Linda Mellerick on camogie: Cork set the early pace as Kilkenny struggle to get going

Great rivals collide at Nowlan Park in the next round of the league
Linda Mellerick on camogie: Cork set the early pace as Kilkenny struggle to get going

Cork's Meabh Murphy celebrates her team scoring a point against Tipp. Picture: INPHO/Ben Brady

CORK sit on top of Division 1A of the Very Camogie League after their third-round victory over Tipperary last Saturday. 

A tough, physical encounter was just what the doctor ordered . The tight pitch in The Ragg suits Tipp. Their work rate and strength which was impressive is easier to enforce in such surroundings. 

I wonder would the game have had a similar outcome of 1-14 to 1-12 if the game had been in Semple Stadium. Maybe Cork’s speed would have been better utilised and maybe Tipp would have been better able to express themselves too. Who knows. 

This sweeper system that every team operates when up against Cork’s experienced defence always baffles me. 

There wasn’t a puff of wind in The Ragg so why not go 15 on 15 and see how the first quarter played out before operating that system from the throw-in. If a team is pulling back a forward, then they must ensure they bypass the defender they have left behind. 

To leave Player of the Match Laura Treacy free, who can read a game so well, doesn’t make sense to me, particularly in such a tight pitch at this time of the year where the ground is heavy. Laura comfortably covered right to left to pick up breaking ball. Tipp put four goals past Galway a fortnight ago. I wonder did they operate a sweeper that day.

Tipperary's Caoimhe Maher tackles Laura Tracey of Cork. Picture: INPHO/Ben Brady
Tipperary's Caoimhe Maher tackles Laura Tracey of Cork. Picture: INPHO/Ben Brady

There is a two-week break after three games in a row and next up for Cork is a trip to UPMC Nowlan Park to take on Kilkenny, their first meeting since last year’s All-Ireland final. Kilkenny chiselled out a 0-17 to 0-11 victory over Dublin at Parnell Park on Saturday.
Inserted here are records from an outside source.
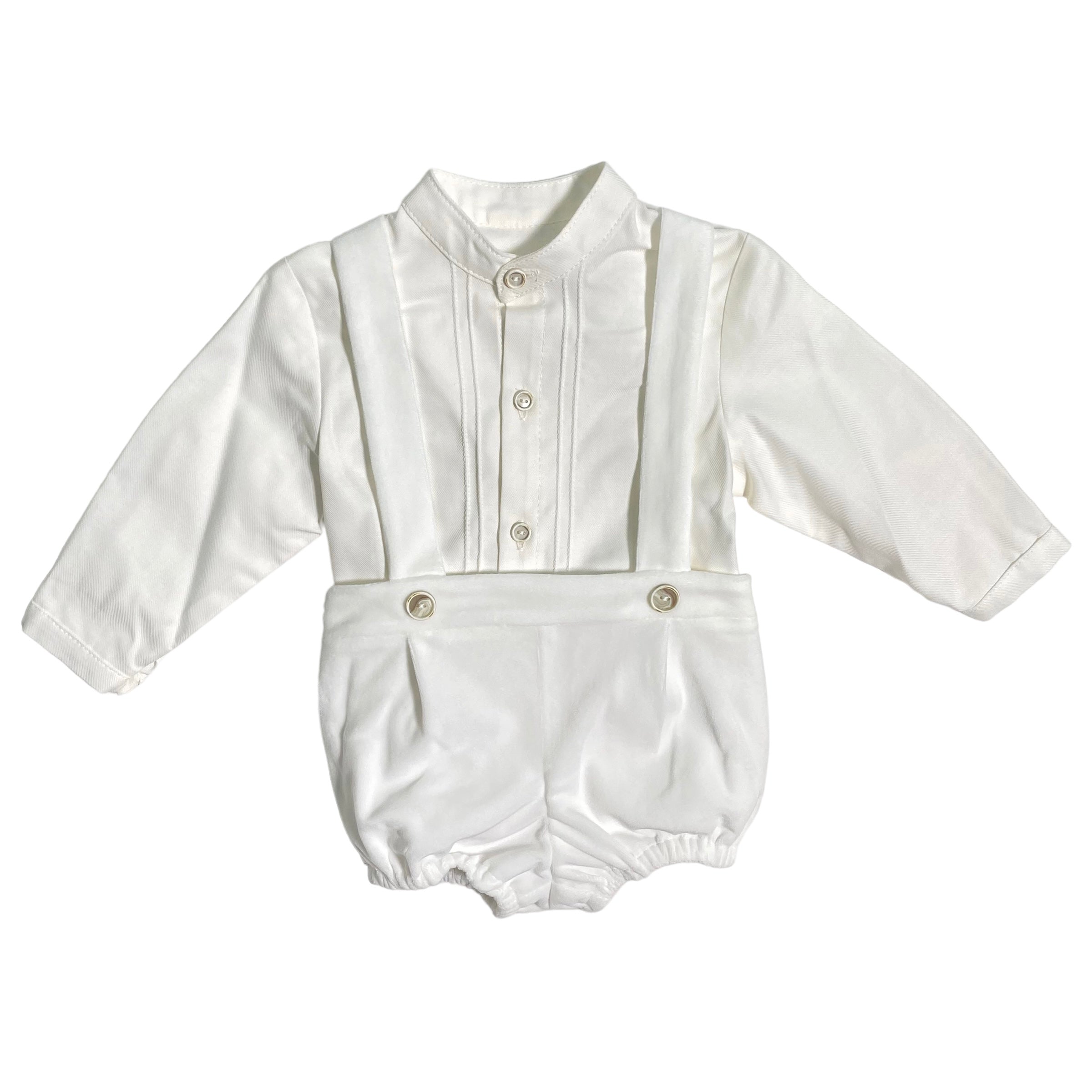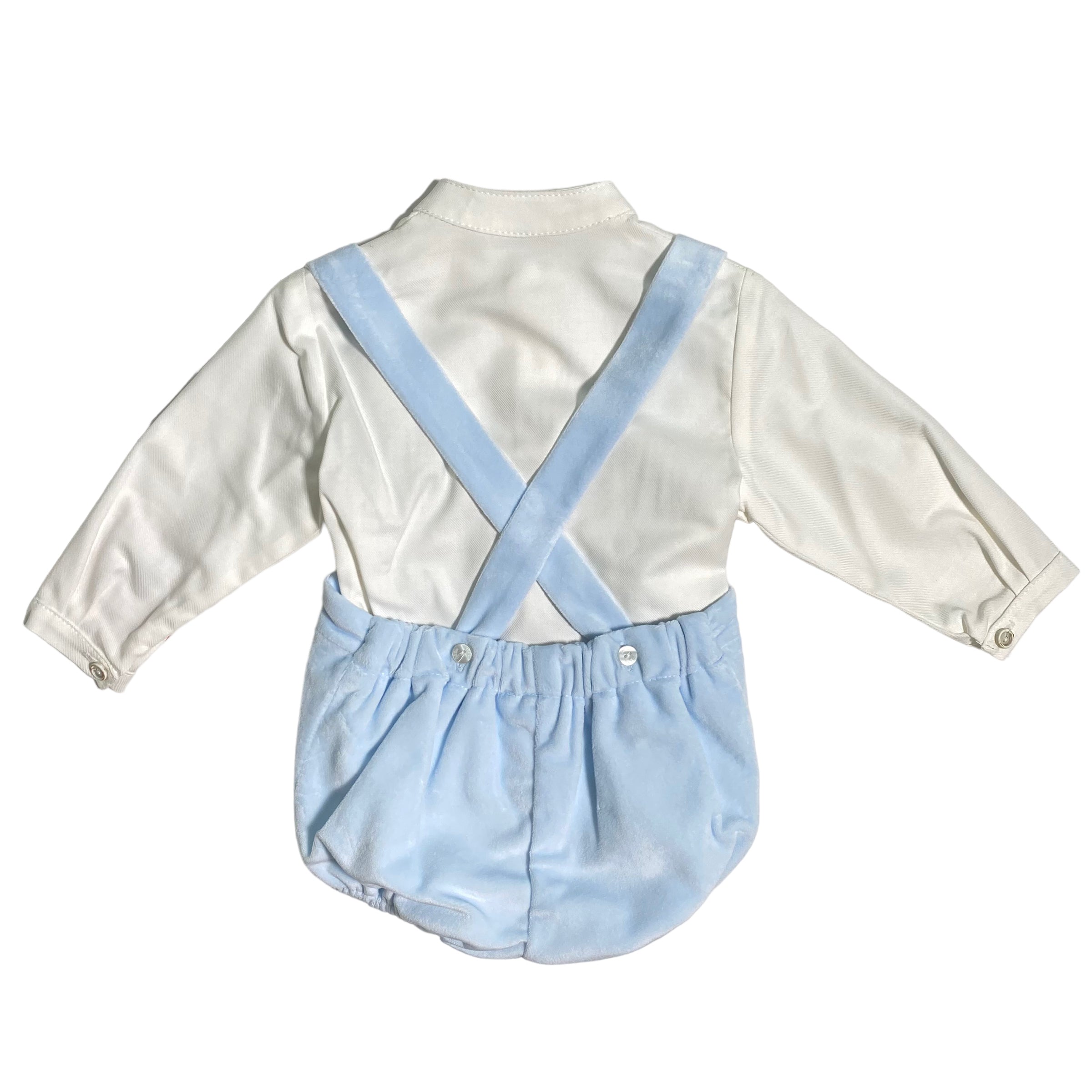 DEL SUR 1879 Neugeborenenanzug mit Samtoverall und Hemd
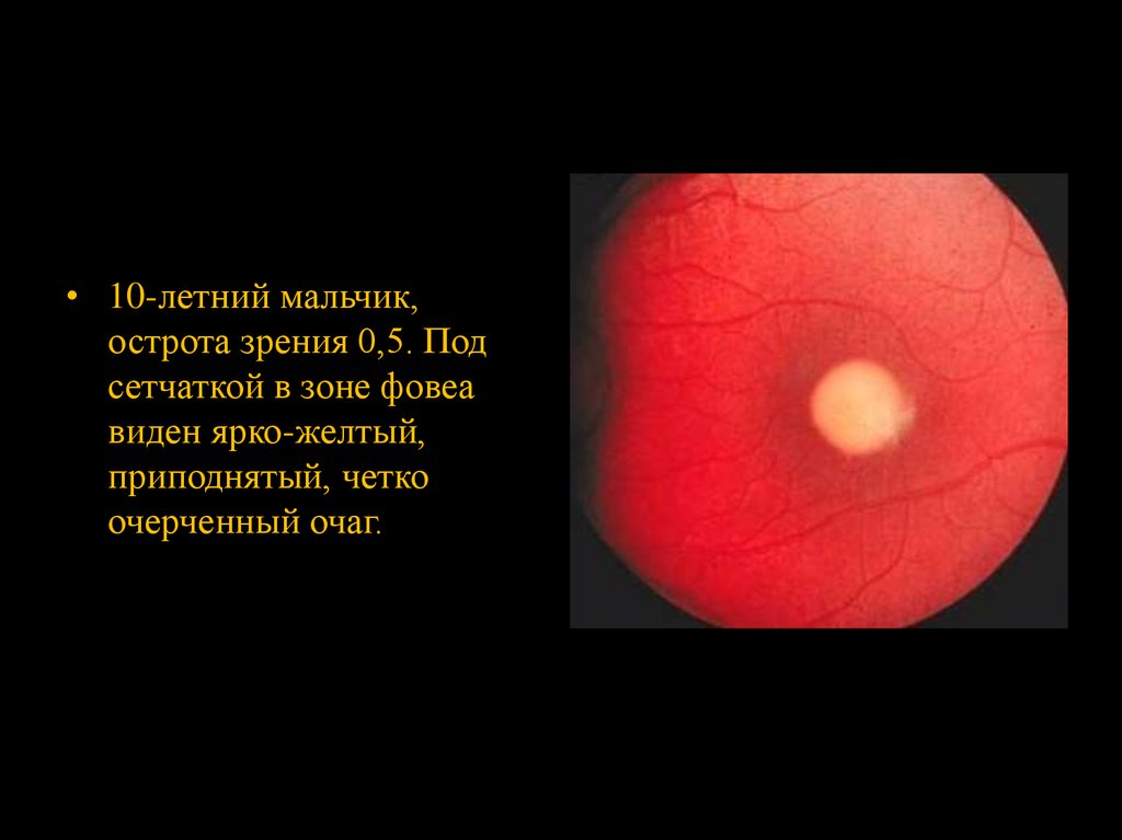 12. Вителлиформная стадия. Под сетчаткой, обычно на обоих глазах. имеется четко очерченный непроминирующий желтоватый очаг поражения. Острота
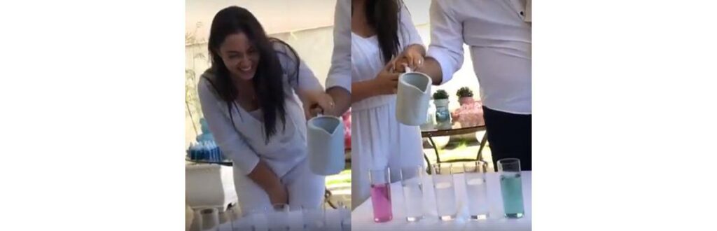 O casal do vídeo decidiu colocar 5 copos e apenas o que fica no meio revelava o sexo da criança. A publicação foi feita na página do Facebook Mamãe de Negócios já tem mais de 8 milhões de visualizações, 15 mil curtidas e 8 mil compartilhamentos. Vem ver:
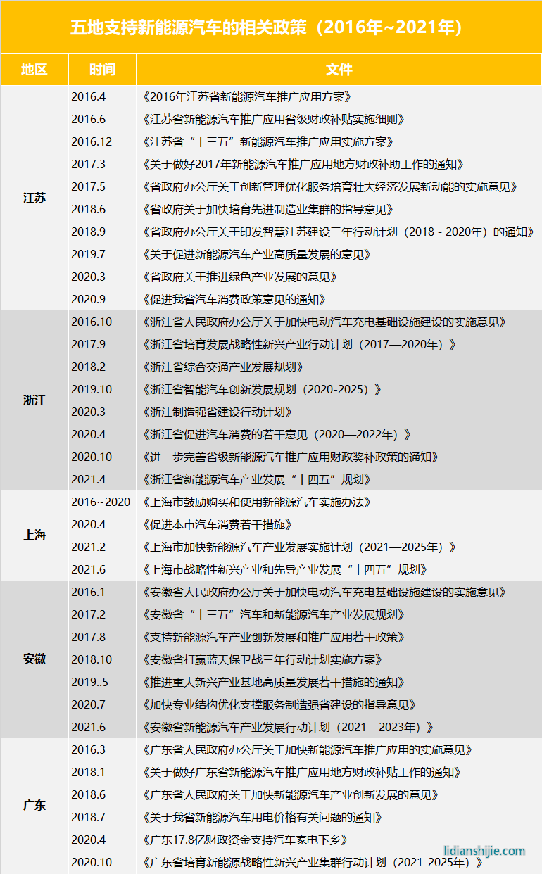 2016年到2021年,5地支持新能源汽車的部分省級文件 | 放大燈團隊制圖
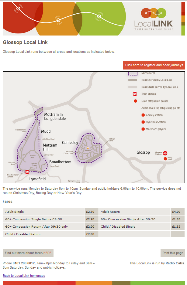 Changes to the Glossopdale Local Link : At the end of January, there were changes to the Tameside-based Local Link services which are linked to the Glossopdale one, initially these changes were advised to only effect the Tameside service, with no changes to the Glossopdale one.
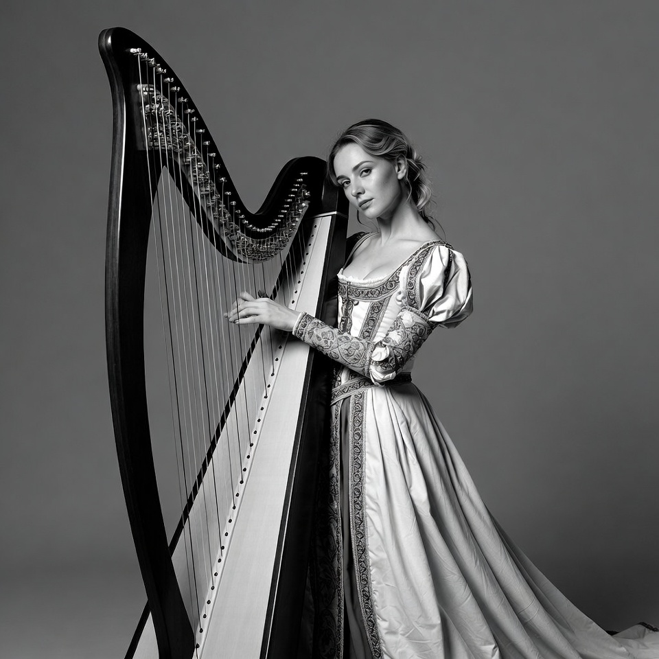 Renaissance gown, White, black and white, blonde hair, classical music, corset, elegant pose, female, formal attire, gray background, hand on harp, harp, harpist, historical dress, lace dress, monochrome photo, musical instrument, musician, playing harp, puffed sleeves, studio portrait, updo hairstyle, vintage fashion, wavy hair, woman
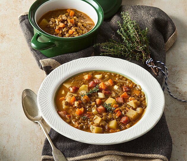 48. Čočková polévka je chutná česká polévka. Obvykle se připravuje z hnědé nebo zelené sušené čočky, kořenové zeleniny a různého koření, jako je majoránka nebo koriandr. Občas se zahušťuje moukou a pro výživnější podání se přidávají pikantní klobásy nebo uzená slanina.
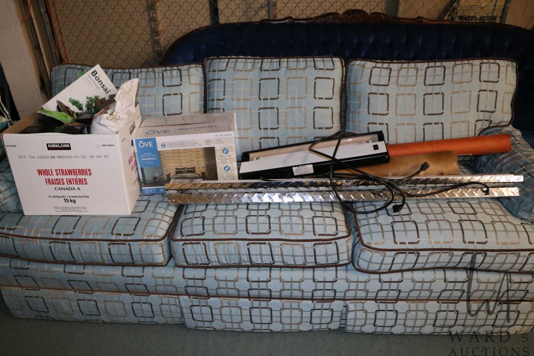 New in box Ove Waterfall string light set plus four battery operated candles and a leather pouch containing Bonsai tree tools plus gravel, dish and handbook plus two florescent lamps, one 4' and one 18" etc. Note: Not available for shipping. Local pickup only
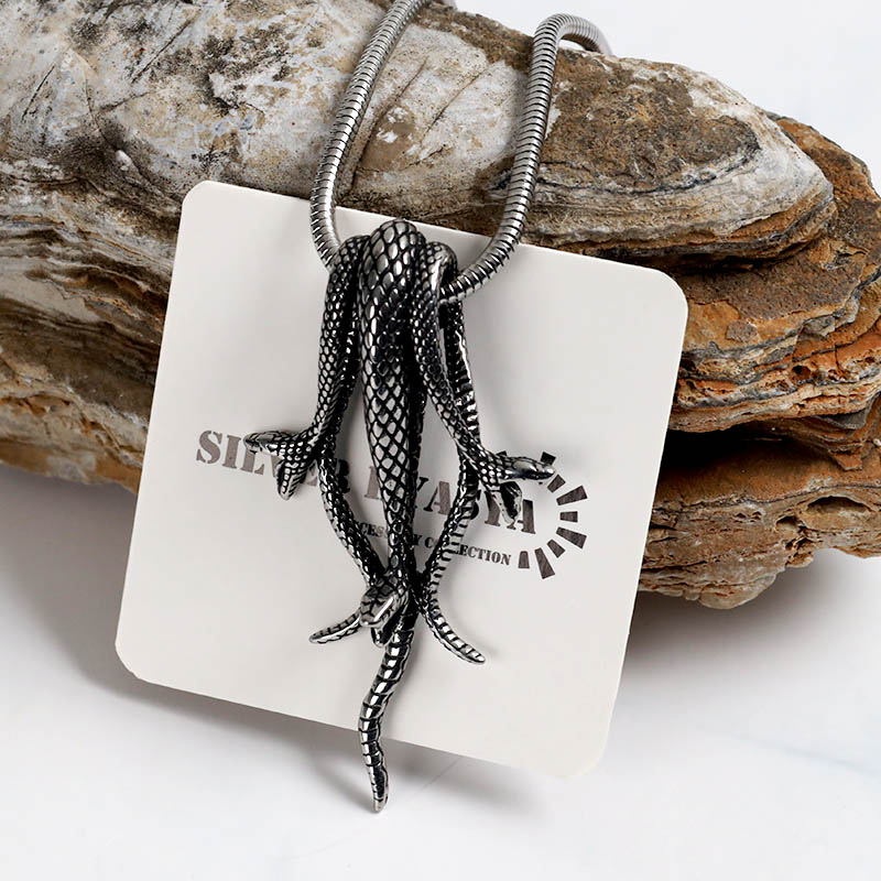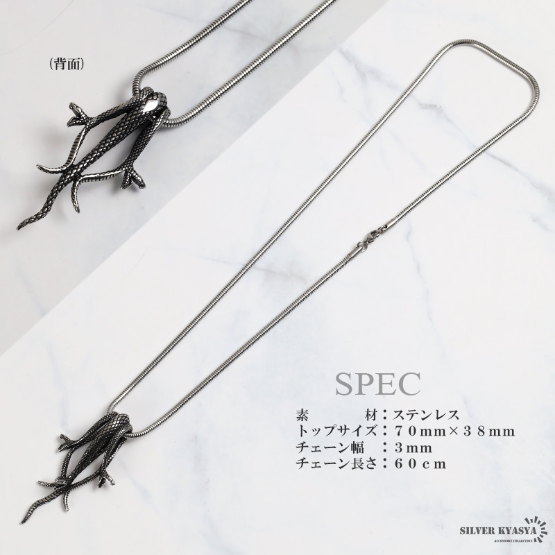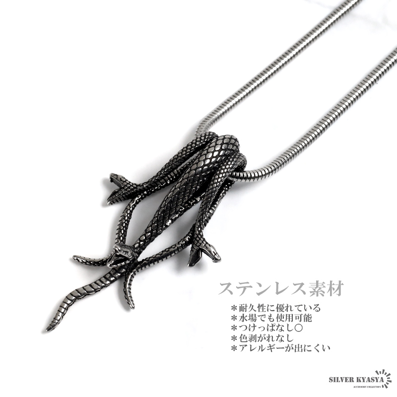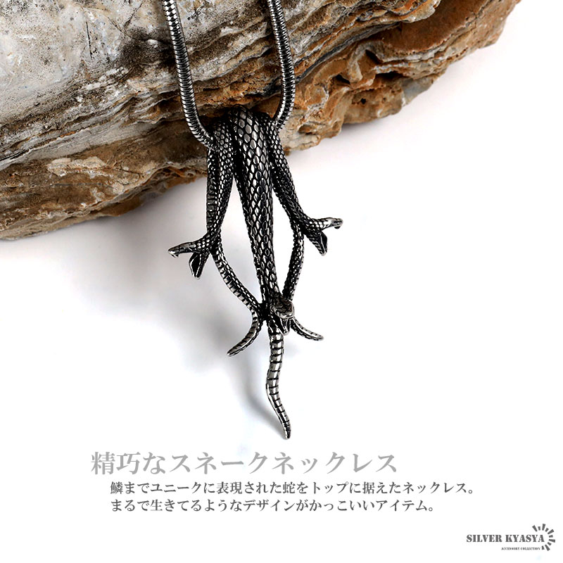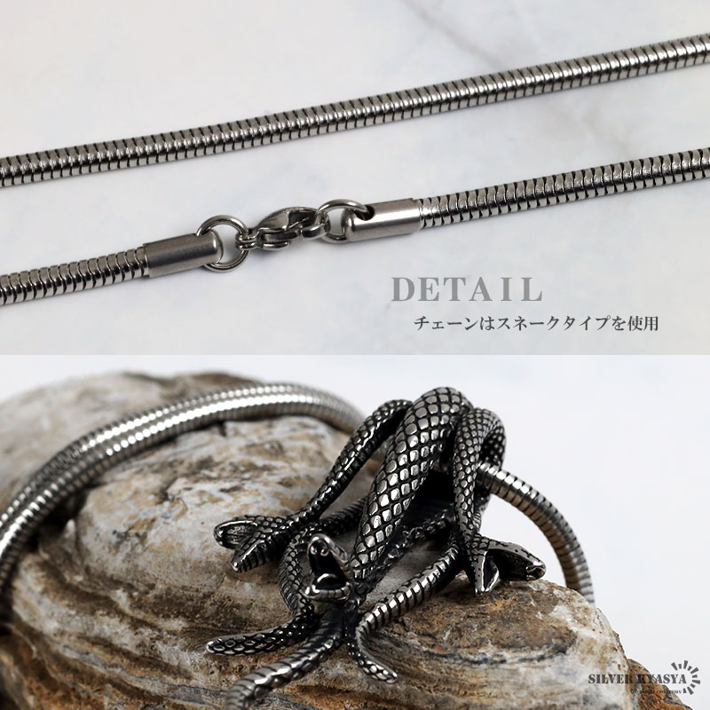 ステンレス スネークネックレス メンズ シルバー 蛇 ペンダント 三連ネックレス スネークチェーン 付き 爆買

That was a first success of this campaign for Brian Dowling’s crew, who had struggled to get away from the Dubs. 

Kilkenny’s start to the season has been poor. 

A shock opening defeat to Clare followed by a four-point defeat to Galway in Nowlan Park before taking the points against Dublin. 

Galway haven’t started so brightly either, losing to Tipp in round one by three goals before bouncing back with that win over Kilkenny and then Clare last weekend. They have an even bigger concern at the minute with 2022 Player of the Year Miriam Walsh waiting the results of a scan on a suspected cruciate. 


The cruciate curse has reached epidemic proportions in camogie and in women’s team sports generally. Tipps Sarah Devane and Erena Fryday (twice) both went through it. Our own Ashling Thompson, Katie O’Mahony and Olivia McAllen are currently out with it. Galway have Ciara Donohue, Orlaith McGrath and Rebecca Hennelly side-lined. For McGrath, it’s a second time, for Hennelly a third.   

Kilkenny won last year’s All-Ireland without the Doyle sisters. Kellyann was another to go down a third time with the cruciate, Aoife being felled not long after.  And on and on it goes. Studies are being carried out and there is information linking the issue with physiology: different pelvic width, the smaller size of women’s ACLs, core strength and possibly even menstrual cycles. We are still learning.

Clare were brought crashing back to earth by Cork after claiming Kilkenny’s scalp. Their 1-14 to 0-13 defeat by Galway shows they are being consistently competitive, the Cork game aside.  Similar to last year, Clare gave some strong league performances, but will it all come crashing down come championship?

The Munster camogie championship will be run off on a round-robin basis for the first time. There will be six double headers during the GAA/Camogie/LGFA Munster campaigns. Five in camogie, one in football. 

On April 30, Cork and Waterford will feature in the Munster camogie and hurling championships in Páirc Uí Chaoimh. May 6 will see the winners of Cork and Waterford play Tipperary ahead of the Munster hurling championship game in also in the Páirc. The Munster camogie final will be a curtain raiser to the hurling championship game between Waterford and Clare in Semple Stadium on May 13. 

Sunday, May 21 at Cusack Park will host the Munster Intermediate Camogie final between Clare or Kerry and Cork ahead of the Clare-Cork hurling game.

The Munster championship is due to commence during the league campaign. Cork will have one outing against Limerick. The league final is set for the weekend of April 15 and a possible replay on April 22 then it’s back to the Munster campaign. The All-Ireland series commences June 3.